Güncelleme Tarihi:
‘Fuad’ albümüyle başlayan müzikal birlikteliklerini ‘Uzaktaki Müzik’ projesiyle sürdüren Erkan Oğur ve Derya Türkan, yanlarına İlkin Deniz’i de alarak yeni albüm çıkardılar. Adı ‘Dokunmak’. Türk müziği makamlarının ve doğaçlamanın etkisiyle, dinleyicinin ruhuna adeta şifa verici bir nefes üflüyorlar.
Yollarınız 15 sene evvel kesişmiş sanırım. Nasıl oldu?
Erkan Oğur: Daha da eski, 1980’lerde.
Derya Türkan: 1984’te ben konservatuvara girdim. Herkes sazlarını almış eline, bir köşede çalışıyor. İkili üçlü gruplardan birinde Erkan Ağabey’i gördüm. O da ud hocasıydı o zaman konservatuvarda. O gün tanıştık. 2000 yılında Civan Gasparyan’la birlikte ‘Fuat’ albümünü yaparken, beni de davet ettiler. Aslında Erkan Oğur’u da o çalışmada gerçekten tanıdım. 15 yıldır çeşitli projelerde birlikte olduk. Ama 6 senedir ikili olarak çalıyoruz. O albüm benim müzik hayatımda bambaşka bir sayfa açtı.

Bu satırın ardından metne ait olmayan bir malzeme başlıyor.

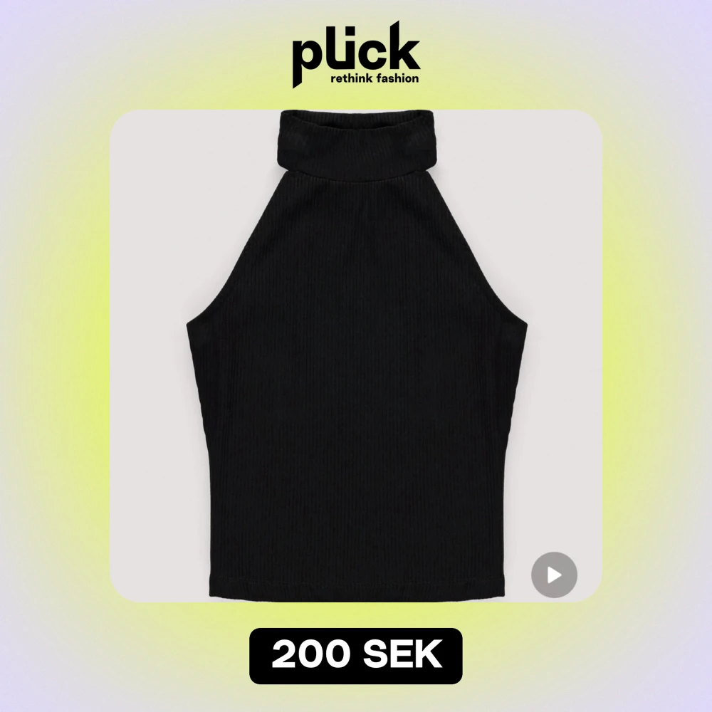 Säljer min svarta ribbade halterneck topp. Den är ärmlös och har en hög krage. Toppen är croppad och passar perfekt till de mesta.

E.O.: O albüme adını veren şarkıda tarihi bir solosu var. O solodan sonra işler değişti.
15 senedir albüm yapmıyor Erkan Oğur. Onu yeni bir albüm çalışması için heyecanlandırmayı nasıl becerdiniz?
D.T.: Türkiye’deki müzik ve sanat anlayışı belli. Bu durum müzisyenler için çeşitli olumsuzluklar doğuruyor. Eğer salt müzik düşünen biriyseniz, bu üzüntüler insanı albüm yapmaktan falan soğutuyor. Geçen ağustos ayında, sohbet arasında çıktı albüm fikri. Bize yeni bir heyecan getireceğini düşündük. Ben çok istiyordum Erkan Ağabey’le bir albüm yaparak, ürettiğimiz “şifa niyetine müzik”in kaydedilmesi. Erkan Ağabey de isteyince hemen başladık çalışmaya.
Sizi ne heyecanlandırdı?
E.O.: Beni müziği kaydetmek heyecanlandırmıyor. Çünkü müzik şifa verecekse, eczanedeki ilaçlar gibi kutulara konmamalı. Ama ekonomik nedenler bizi kaydetmeye zorluyor. Bana göre müzik o anda üremeli ve o anda paylaşılıp, hafızaya alınmalı. Bu da benim kendi problemim aslında...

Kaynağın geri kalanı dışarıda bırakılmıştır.